The advantage to such an approach is pinpoint placement within the human anatomy. The Cell-in-a-Box® encapsulations -- about 300 of them -- are placed as closely to the pancreatic tumor as possible. This is done by threading a catheter up through an artery in the leg leading to the pancreas. When the catheter is in place, the capsules are injected through the catheter and placed at or near the tumor in the pancreas. After they are placed, then low-doses of ifosfamide are given to the patient intravenously. This method of delivery allows for maximum drug efficacy with only one-third the normal dosage of ifosfamide, and there is little to no drug "loss" in the wrong parts of the body.

And make no mistake -- the need for such a solution is tremendous.

As Dr. Löhr pointed out, of the 80% of pancreatic cancer patients who don't have the option of surgical removal, about half of them are proverbially trapped in the middle because their tumor is neither growing nor shrinking and surgery isn't possible.
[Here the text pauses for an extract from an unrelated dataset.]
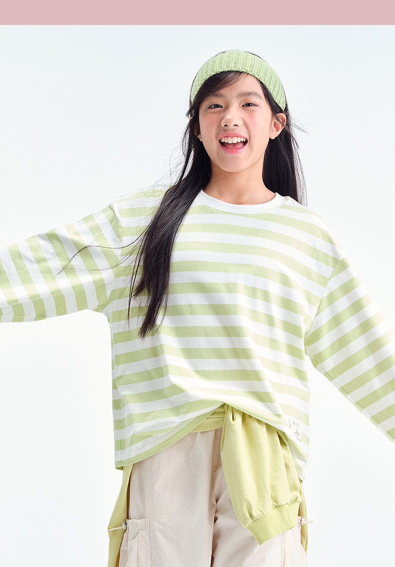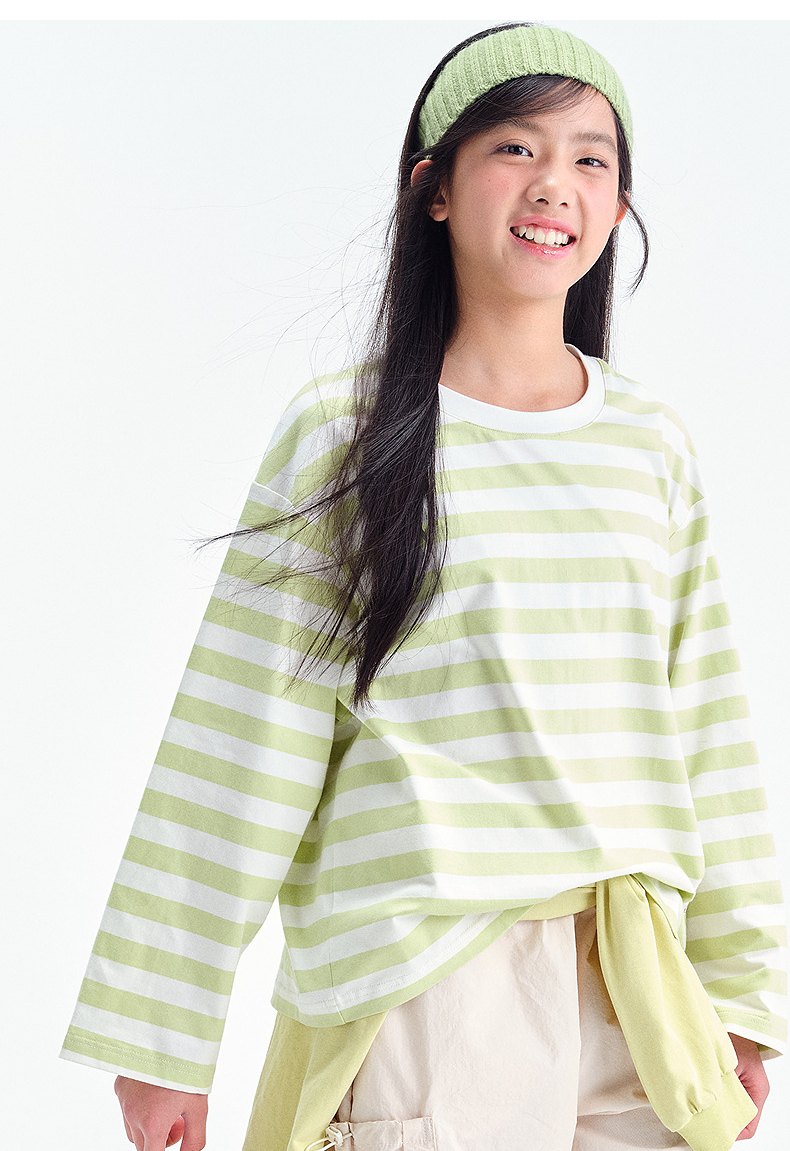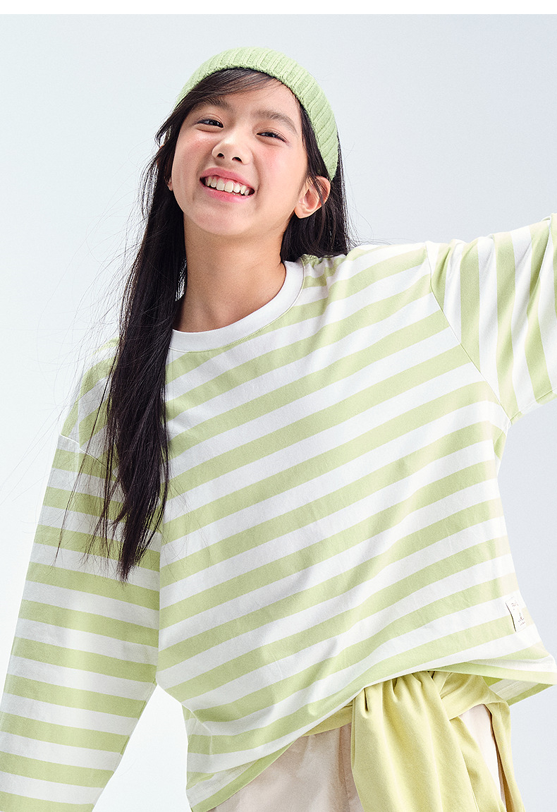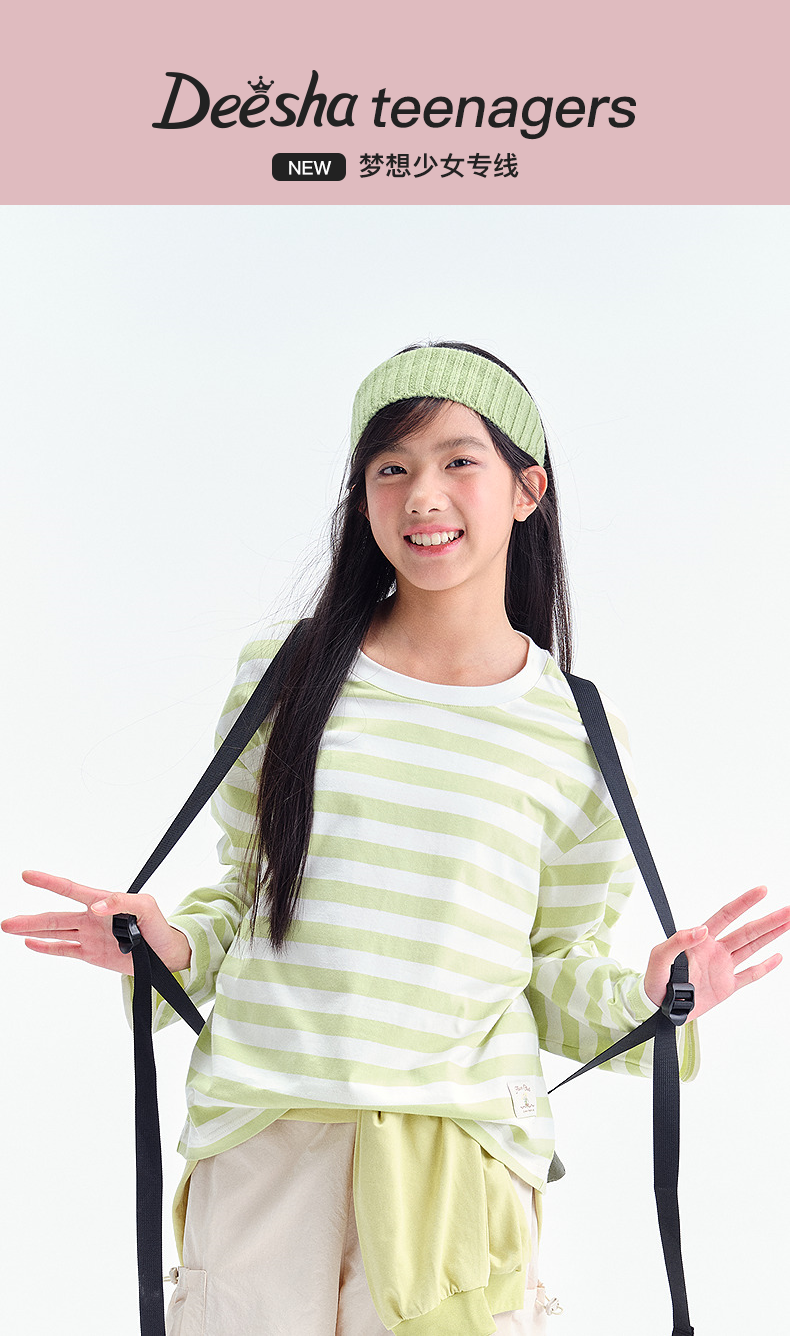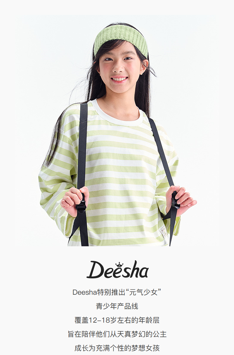 笛莎Deesha青少年女童T恤2025春季女童宽松版型长袖T恤

They'll simply be forced to live with a pancreatic tumor, hoping it doesn't metastasize, remaining on a drug regimen with just so-so effectiveness controlling the disease. Sooner or later, though, it does metastasize. Beating it is always the better option, if possible.

It's this sizeable segment of the pancreatic cancer patient pool where PharmaCyte Biotech is poised to bring hope by bringing a superior treatment to the market.

The results thus far are encouraging enough. In a phase 1/2 trial examining the benefit of the Cell-in-a-Box® delivery of ifosfamide versus the results gemcitabine would be able to achieve alone, the PharmaCyte approach improved the median survival timeframe from 28 to 44 weeks. Equally impressive is the fact that the number of one-year survivors of the study's patients increased from 18% to 36%.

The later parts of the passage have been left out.